The Superior Hiking Trail marked its 40th anniversary with a North Shore celebration built around a simple idea: hit the trail, then meet up with the people who keep it alive. In Two Harbors, Castle Danger Brewery hosted one of four birthday parties held Saturday, June 6, alongside gatherings in Grand Marais, Tofte and Duluth.
The Superior Hiking Trail Association framed the anniversary as its “Ultimate Birthday Celebration,” inviting hikers to register for a preferred section of trail to “hike, run, or saunter.” The timing lined up with National Trails Day, which American Hiking Society set for the first Saturday in June. In 2026, that fell on June 6.

The trail’s 40-year milestone also underscored how much of a community project it has been from the start. The Superior Hiking Trail Association was established in 1986, the same year the trail began, and trail-history accounts note that it started with no trail at all. Today, official materials describe a 300-plus-mile route along Lake Superior’s North Shore, stretching from the Minnesota-Wisconsin border near Duluth to the Canadian border area and climbing and dropping across roughly 80,000 feet of elevation change.
Executive Director Lisa Luukkala said the anniversary is about honoring the early trail builders and sharing stories from the broader trail community. That history matters in Lake County, where the trail functions as both public infrastructure and a tourism draw for trail towns and businesses tied to outdoor travel.

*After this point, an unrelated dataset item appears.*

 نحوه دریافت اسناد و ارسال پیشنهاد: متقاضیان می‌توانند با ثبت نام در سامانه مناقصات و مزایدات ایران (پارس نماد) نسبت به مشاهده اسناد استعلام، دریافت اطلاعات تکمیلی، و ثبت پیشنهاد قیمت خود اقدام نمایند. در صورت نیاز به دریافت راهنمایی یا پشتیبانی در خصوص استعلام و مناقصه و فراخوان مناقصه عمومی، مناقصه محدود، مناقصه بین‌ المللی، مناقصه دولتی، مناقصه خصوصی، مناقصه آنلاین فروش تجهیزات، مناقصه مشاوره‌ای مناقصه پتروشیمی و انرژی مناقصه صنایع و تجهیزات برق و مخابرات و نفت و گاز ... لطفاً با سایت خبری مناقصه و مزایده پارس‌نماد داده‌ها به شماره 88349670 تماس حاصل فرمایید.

The Two Harbors celebration at Castle Danger Brewery put that connection in plain view, while Bluefin Bay on Lake Superior in Tofte hosted another party just up the shore.
The association is also pushing the Hike 40 Challenge, which asks people to complete 40 Trail miles during calendar year 2026. Participants can do it by hiking, walking, running, backpacking or snowshoeing, and the challenge includes historically significant sections of the trail. Anniversary merchandise and podcast storytelling are part of the campaign as well.
The trail association’s retrospective says the first guide to the Superior Hiking Trail helped turn the footpath into a destination and drew national attention. Forty years later, the route still depends on volunteers, still drives visits to North Shore communities, and still gives Lake County a shared asset worth celebrating and maintaining.